Solr index fetcher
Retrieves the most recent / current Solr index version via the Solr HTTP API. This occurs concurrently, so that downloads do not block or slow down the process for large indeces.
Golang allows your OS buffers to handle the file downloads as it prefers. Whether this be in memory or buffered out to a tmp file, it's your OS decision on whether or not it keeps the entire thing in memory. Note that when writing to output files, this memory is not duplicated to the tune of the file size, as io.Copy writes 32MB per buffer at a time, which means at any given time your overhead should only be 128MB, along with channel etc. overhead, and whatever your OS adds for the file downloads.
Implementation and Dependencies
This script was built with Go 1.2.1, and is suitable for retrieving the latest version of a Solr instance's index.

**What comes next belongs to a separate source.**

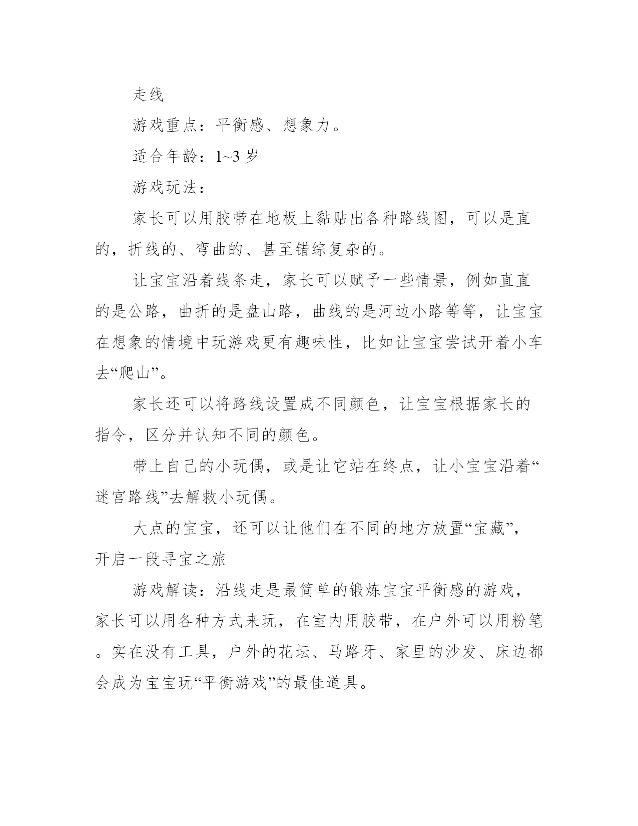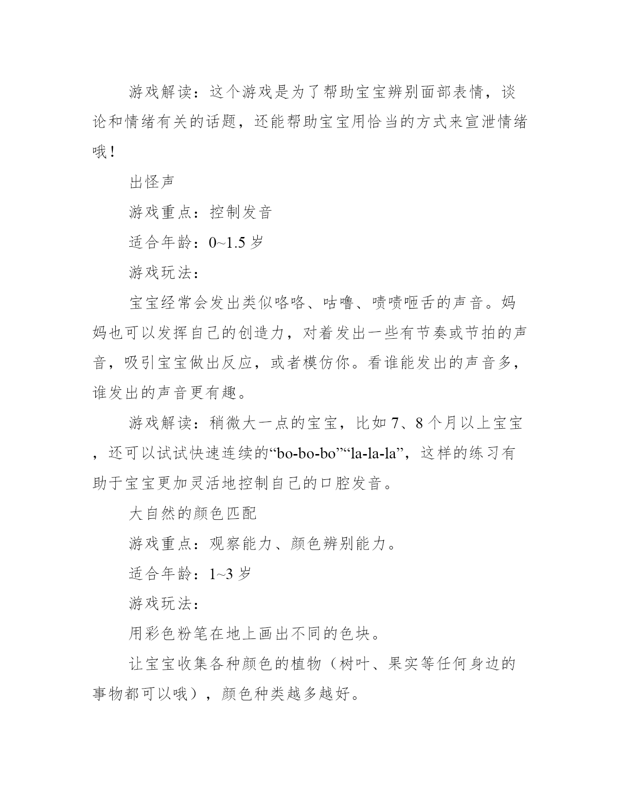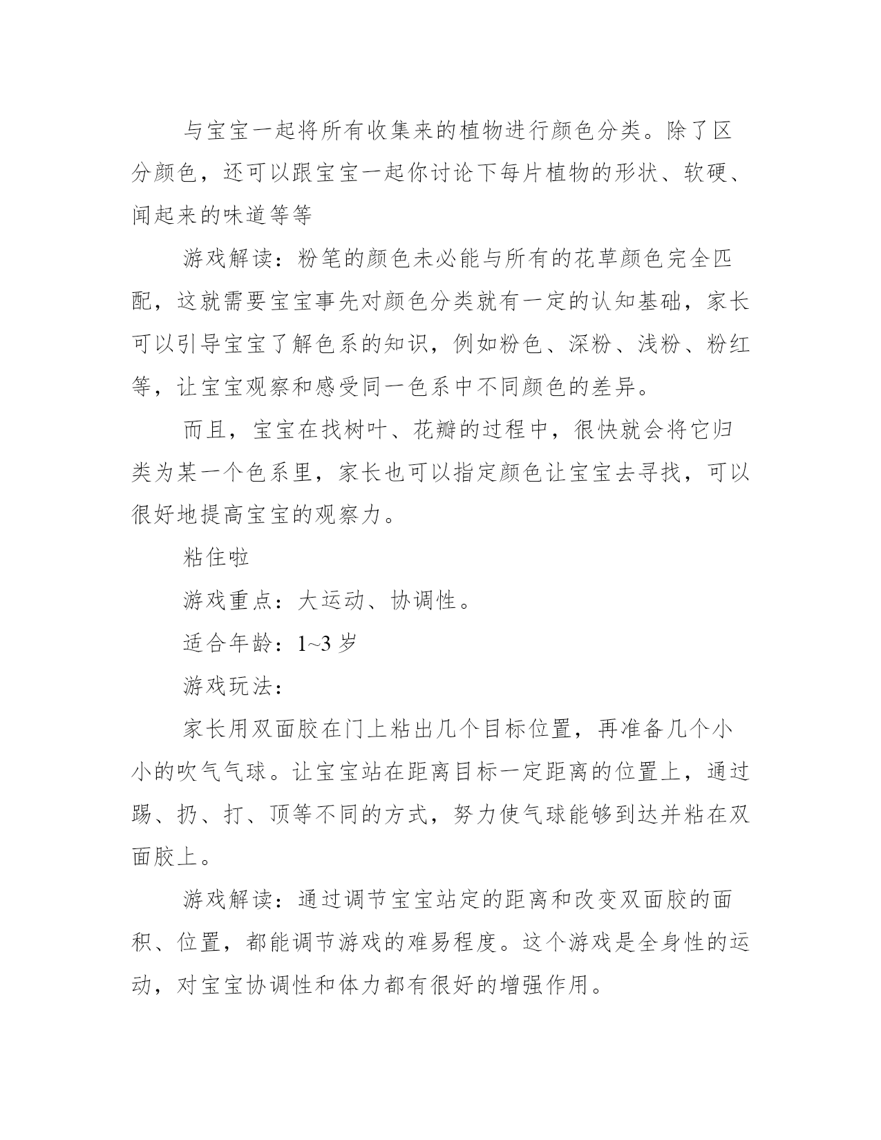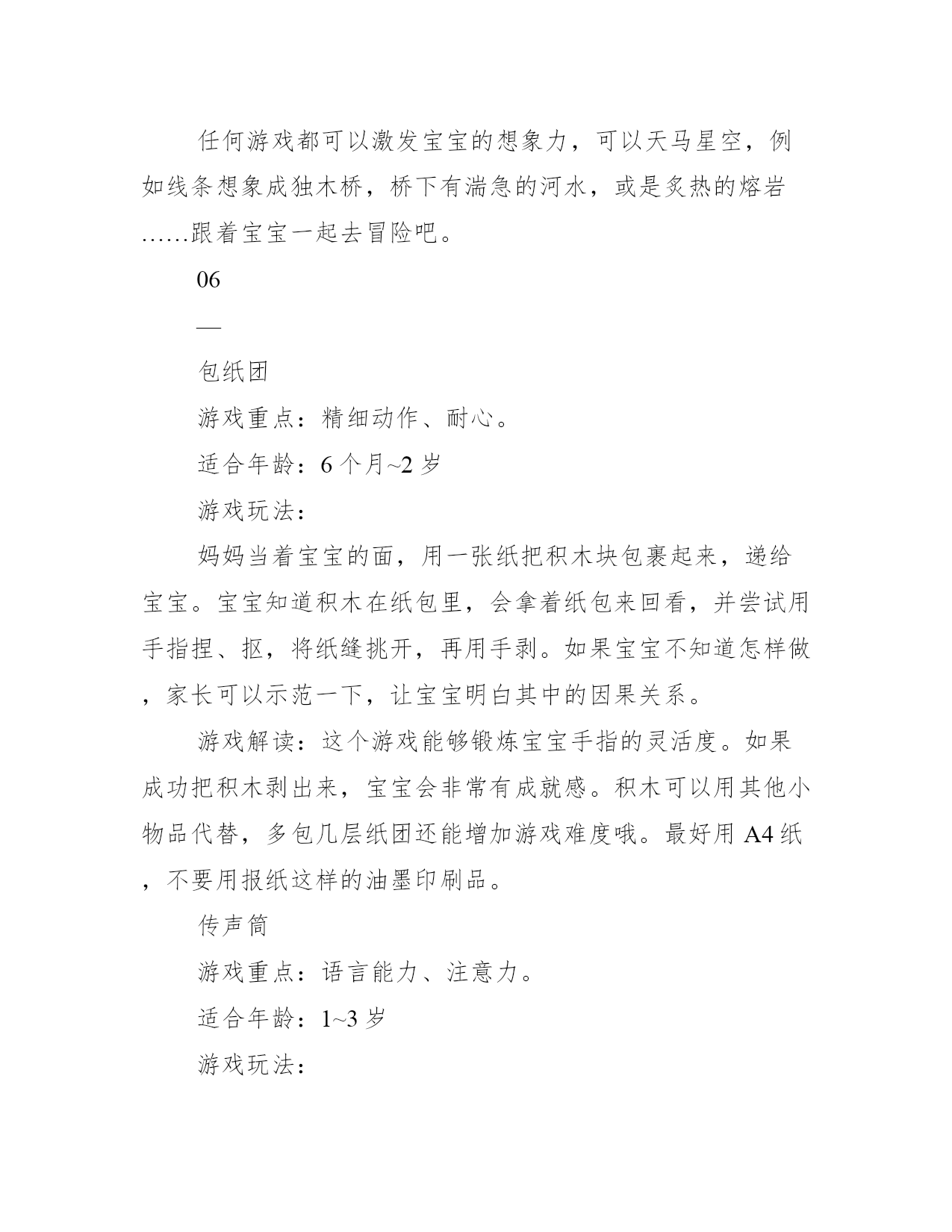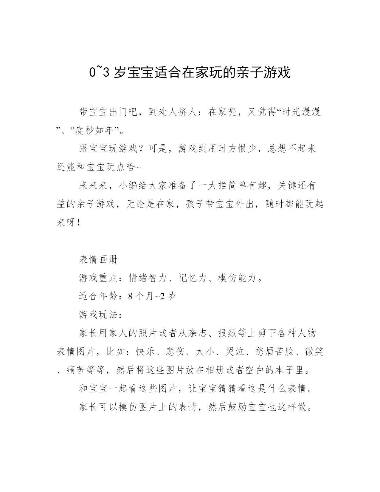 0~3岁宝宝适合在家玩的亲子游戏带宝宝出门吧,到处人挤人;在家呢,又觉得“时光漫漫”、“度秒如年”。跟宝宝玩游戏?可是,游戏到用时方恨少,总想不起来还能和宝宝玩点啥~来来来,小编给大家准备了一大推简单有趣,关键还有益的亲子游戏,无论是在家,孩子带宝宝外出,随时都能玩起来呀!表情画册游戏重点:情绪智力、记忆力、模仿能力。适合年龄:8个月~2岁游戏玩法:家长用家人的照片或者从杂志、报纸等上剪下各种人物表情图片,比如:快乐、悲伤、大小、哭泣、愁眉苦脸、微笑、痛苦等等,然后将这些图片放在相册或者空白的本子里。和宝宝一起看这些图片,让宝宝猜猜看这是什么表情。家长可以模仿图片上的表情,然后鼓励宝宝也这样做。游戏解读:这个游戏是为了帮助宝宝辨别面部表情,谈论和情绪有关的话题,还能帮助宝宝用恰当的方式来宣泄情绪哦!出怪声游戏重点:控制发音适合年龄:0~1.5岁游戏玩法:宝宝经常会发出类似咯咯、咕噜、啧啧咂舌的声音。妈妈也可以发挥自己的创造力,对着发出一些有节奏或节拍的声音,吸引宝宝做出反应,或者模仿你。看谁能发出的声音多,谁发出的声音更有趣。游戏解读:稍微大一点的宝宝,比如7、8个月以上宝宝,还可以试试快速连续的“bo-bo-bo”“la-la-la”,这样的练习有助于宝宝更加灵活地控制自己的口腔发音。大自然的颜色匹配游戏重点:观察能力、颜色辨别能力。适合年龄:1~3岁游戏玩法:用彩色粉笔在地上画出不同的色块。让宝宝收集各种颜色的植物(树叶、果实等任何身边的事物都可以哦),颜色种类越多越好。与宝宝一起将所有收集来的植物进行颜色分类。除了区分颜色,还可以跟宝宝一起你讨论下每片植物的形状、软硬、闻起来的味道等等游戏解读:粉笔的颜色未必能与所有的花草颜色完全匹配,这就需要宝宝事先对颜色分类就有一定的认知基础,家长可以引导宝宝了解色系的知识,例如粉色、深粉、浅粉、粉红等,让宝宝观察和感受同一色系中不同颜色的差异。而且,宝宝在找树叶、花瓣的过程中,很快就会将它归类为某一个色系里,家长也可以指定颜色让宝宝去寻找,可以很好地提高宝宝的观察力。粘住啦游戏重点:大运动、协调性。适合年龄:1~3岁游戏玩法:家长用双面胶在门上粘出几个目标位置,再准备几个小小的吹气气球。让宝宝站在距离目标一定距离的位置上,通过踢、扔、打、顶等不同的方式,努力使气球能够到达并粘在双面胶上。游戏解读:通过调节宝宝站定的距离和改变双面胶的面积、位置,都能调节游戏的难易程度。这个游戏是全身性的运动,对宝宝协调性和体力都有很好的增强作用。走线游戏重点:平衡感、想象力。适合年龄:1~3岁游戏玩法:家长可以用胶带在地板上黏贴出各种路线图,可以是直的,折线的、弯曲的、甚至错综复杂的。让宝宝沿着线条走,家长可以赋予一些情景,例如直直的是公路,曲折的是盘山路,曲线的是河边小路等等,让宝宝在想象的情境中玩游戏更有趣味性,比如让宝宝尝试开着小车去“爬山”。家长还可以将路线设置成不同颜色,让宝宝根据家长的指令,区分并认知不同的颜色。带上自己的小玩偶,或是让它站在终点,让小宝宝沿着“迷宫路线”去解救小玩偶。大点的宝宝,还可以让他们在不同的地方放置“宝藏”,开启一段寻宝之旅游戏解读:沿线走是最简单的锻炼宝宝平衡感的游戏,家长可以用各种方式来玩,在室内用胶带,在户外可以用粉笔。实在没有工具,户外的花坛、马路牙、家里的沙发、床边都会成为宝宝玩“平衡游戏”的最佳道具。任何游戏都可以激发宝宝的想象力,可以天马星空,例如线条想象成独木桥,桥下有湍急的河水,或是炙热的熔岩……跟着宝宝一起去冒险吧。06—包纸团游戏重点:精细动作、耐心。适合年龄:6个月~2岁游戏玩法:妈妈当着宝宝的面,用一张纸把积木块包裹起来,递给宝宝。宝宝知道积木在纸包里,会拿着纸包来回看,并尝试用手指捏、抠,将纸缝挑开,再用手剥。如果宝宝不知道怎样做,家长可以示范一下,让宝宝明白其中的因果关系。游戏解读:这个游戏能够锻炼宝宝手指的灵活度。如果成功把积木剥出来,宝宝会非常有成就感。积木可以用其他小物品代替,多包几层纸团还能增加游戏难度哦。最好用A4纸,不要用报纸这样的油墨印刷品。传声筒游戏重点:语言能力、注意力。适合年龄:1~3岁游戏玩法:让宝宝传话。比如,让他对爸爸说:“妈妈说,报纸在书桌上。”再让他对妈妈说:“爸爸说,知道了,谢谢!”参与的家庭成员越多越好,在游戏中,要让宝宝觉得他在家人的沟通中不可或缺,激发宝宝对游戏的高度关注。传话的内容从简单到复杂,从单句到两三句,循序渐进。游戏解读:这个游戏可以提高宝宝的听觉、注意力,同时在游戏过程中,他也会慢慢理解家长的语言,对宝宝的语言能力也是非常好的训练。给小动物们洗澡游戏重点:认知学习能力、语言能力、精细动作、自理能力。适合年龄:1~3岁游戏玩法:建议在浴室里玩这个游戏,铺好防滑垫,如果在其他房间玩的话,

By default, the script will only use 1/2 of your cores for concurrency; ie: if you have 8 cores, you will get 4 workers.
Works flawlessly with Solr 4.6.1, and should work just as well with any version of Solr that implements the same HTTP API and answers queries using the same XML response format.
Build
go build solr-fetch.go
Usage
Options:
-l=<URL to Solr Admin page>
-o=<Output Path for the downloaded Solr Index>
Example:
localhost:solr-fetch Mo$ ./solr-fetch -l=http://172.20.20.20:8983/solr -o=/var/lib/solr/backup
2014/06/01 09:05:15 Beginning fetch of Solr index...
2014/06/01 09:05:15 {Url:http://172.20.20.20:8983/solr/replication?command=filecontent&file=segments_d&generation=13&indexversion=1401508582278&wt=filestream StatusCode:200}
...
localhost:solr-fetch Mo$ ls results/
_8.fdt _8.si _8_Lucene41_0.pos
_8.fdx _8.tvd _8_Lucene41_0.tim
_8.fnm _8.tvx _8_Lucene41_0.tip
_8.nvd _8_1.del segments_d
_8.nvm _8_Lucene41_0.doc
Notes/TODO
Not implemented:
- A friendly delay between requests to the Solr server. Solr has no problem fetching these requests in development without delay, though this could change as pressure on the Solr server increases.
- Clear and retry download in the event of a failure for any N number of attempts requested by CLI.
- Health check Solr server before beginning process of document retrieval.